▸ **Material supplied**
[Start of section]

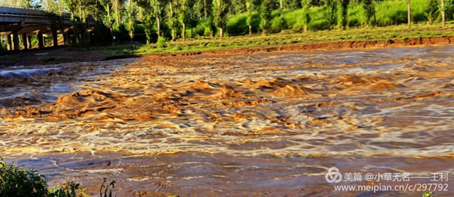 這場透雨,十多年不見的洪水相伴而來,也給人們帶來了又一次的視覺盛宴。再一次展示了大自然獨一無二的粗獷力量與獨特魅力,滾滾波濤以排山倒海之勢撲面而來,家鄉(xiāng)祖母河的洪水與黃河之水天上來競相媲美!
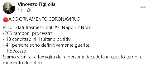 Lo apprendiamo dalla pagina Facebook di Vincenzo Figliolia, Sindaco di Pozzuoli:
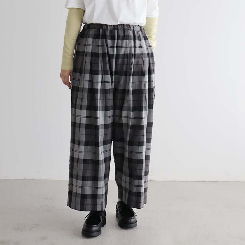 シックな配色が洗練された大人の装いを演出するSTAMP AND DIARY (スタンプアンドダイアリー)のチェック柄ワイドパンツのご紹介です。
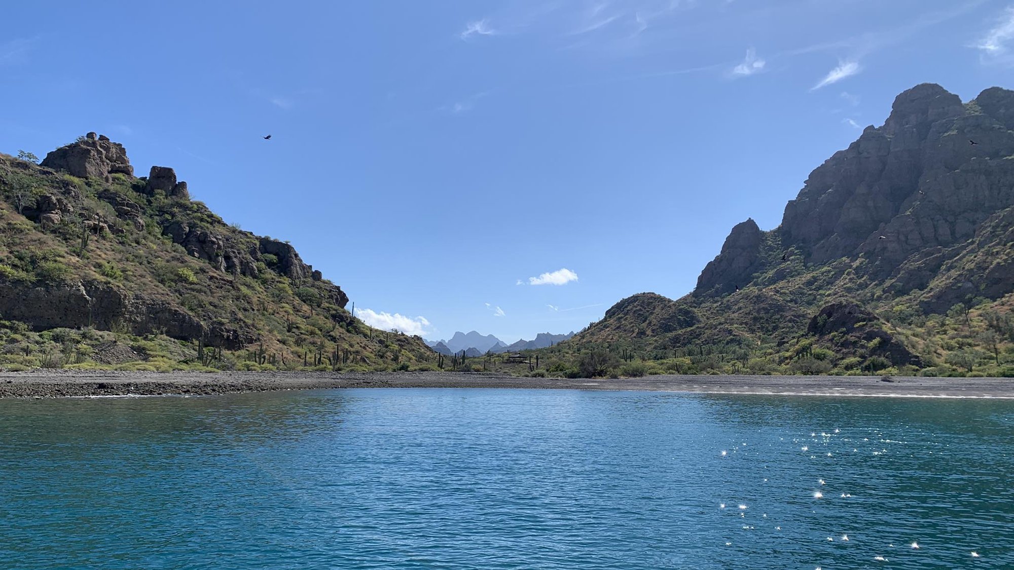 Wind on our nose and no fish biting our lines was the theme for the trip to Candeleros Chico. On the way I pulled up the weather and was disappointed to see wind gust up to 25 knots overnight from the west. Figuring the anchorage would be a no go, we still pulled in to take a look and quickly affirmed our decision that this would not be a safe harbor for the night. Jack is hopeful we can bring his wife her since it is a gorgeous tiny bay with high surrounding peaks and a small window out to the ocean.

[End of section]
[Start of section]

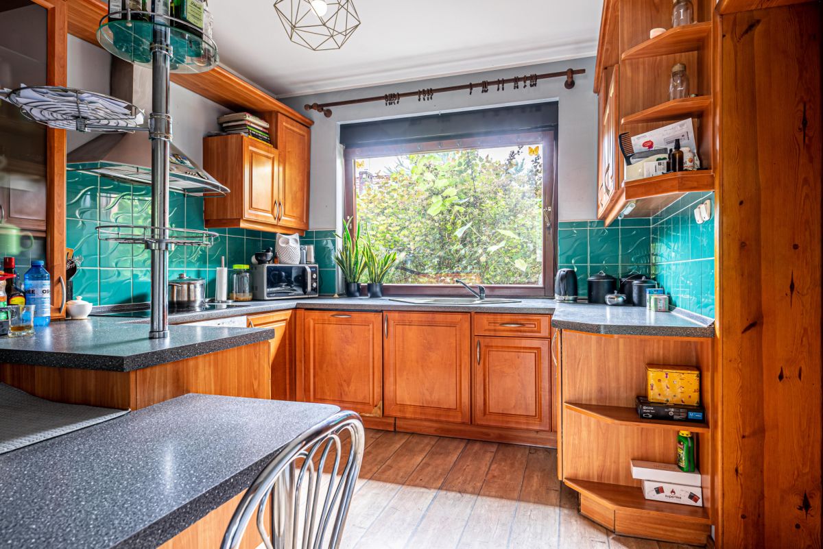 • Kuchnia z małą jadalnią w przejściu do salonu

[End of section]

▸ **Task details**
Range to copy from the records above: the line containing "シックな配色が洗練された大人の装いを演出するSTAMP AND DIARY" to the line containing "Wind on our", both included. Output those lines exactly and only those, skipping pictures.

▸ **The answer**
 シックな配色が洗練された大人の装いを演出するSTAMP AND DIARY (スタンプアンドダイアリー)のチェック柄ワイドパンツのご紹介です。
 Wind on our nose and no fish biting our lines was the theme for the trip to Candeleros Chico. On the way I pulled up the weather and was disappointed to see wind gust up to 25 knots overnight from the west. Figuring the anchorage would be a no go, we still pulled in to take a look and quickly affirmed our decision that this would not be a safe harbor for the night. Jack is hopeful we can bring his wife her since it is a gorgeous tiny bay with high surrounding peaks and a small window out to the ocean.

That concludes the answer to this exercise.